COLLECTED MATERIAL:
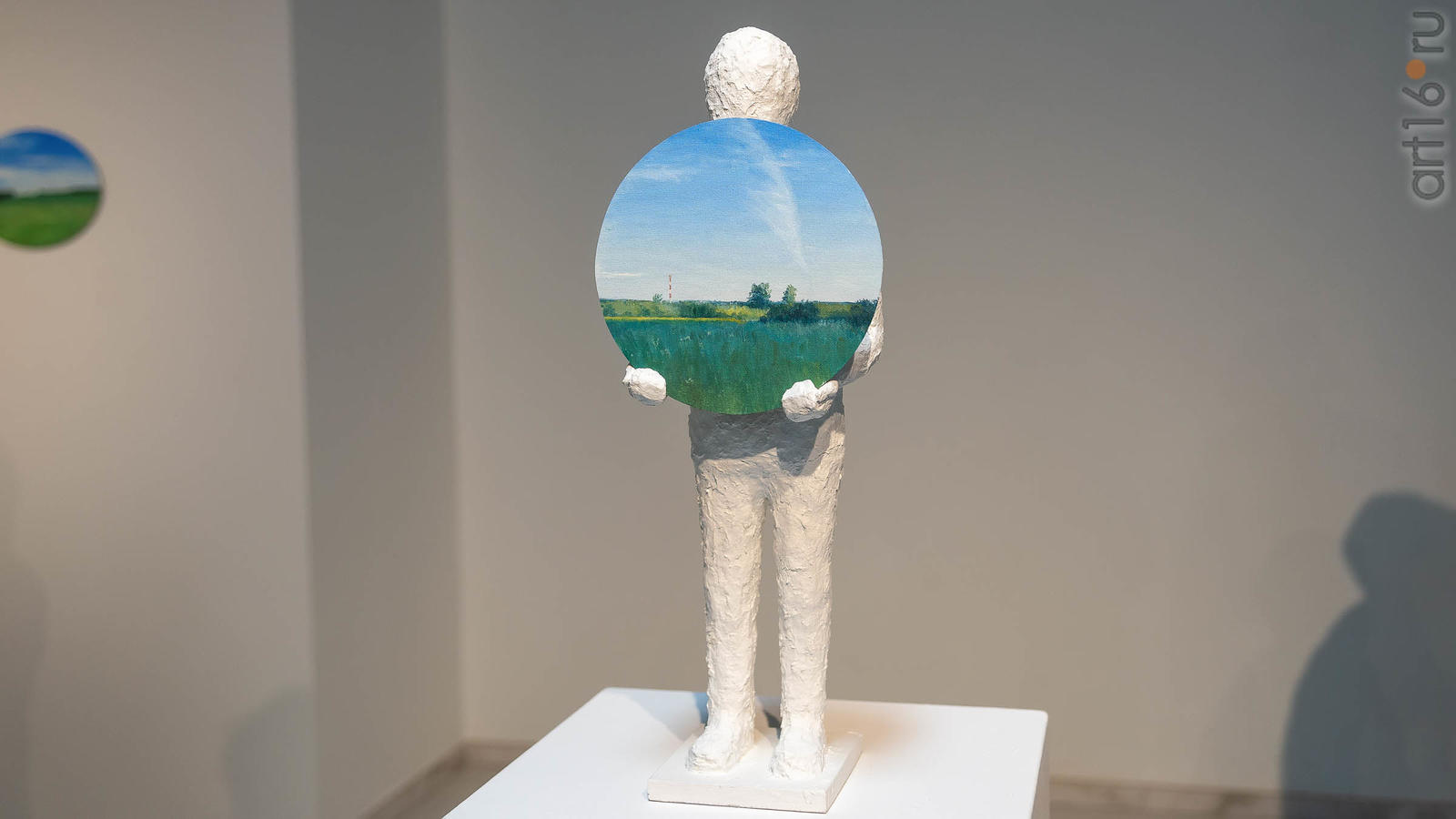Скульптура человека, держащего в руках щит с пейзажем («Пейзаж с ретранслятором №4») словно кричит : " Посмотри на картину, я внутри!..».
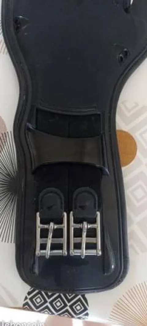 je vend une sangle de marque equick, anatomique, noir en cuir côté cheval, taille 65cm, élastique des 2 côtés, neuve juste essayer ne convient pas à ma jument.
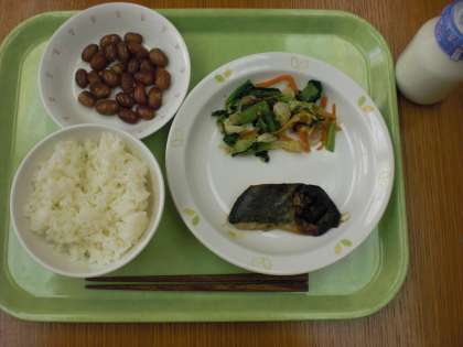 「ごはん、魚の西京焼き、野菜のおかかかけ、煮豆、牛乳」です。
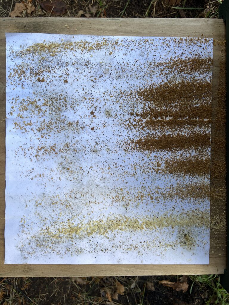 De “gezondheids-voetafdruk” van de winterse bijenkast waaruit we het winterse verloop van het volk bijna letterlijk kunnen aflezen.

TASK DETAILS:
Please copy the data shown above precisely, leaving the images out.

OUTPUT FOR THIS EXERCISE:
Скульптура человека, держащего в руках щит с пейзажем («Пейзаж с ретранслятором №4») словно кричит : " Посмотри на картину, я внутри!..».
 je vend une sangle de marque equick, anatomique, noir en cuir côté cheval, taille 65cm, élastique des 2 côtés, neuve juste essayer ne convient pas à ma jument.
 「ごはん、魚の西京焼き、野菜のおかかかけ、煮豆、牛乳」です。
 De “gezondheids-voetafdruk” van de winterse bijenkast waaruit we het winterse verloop van het volk bijna letterlijk kunnen aflezen.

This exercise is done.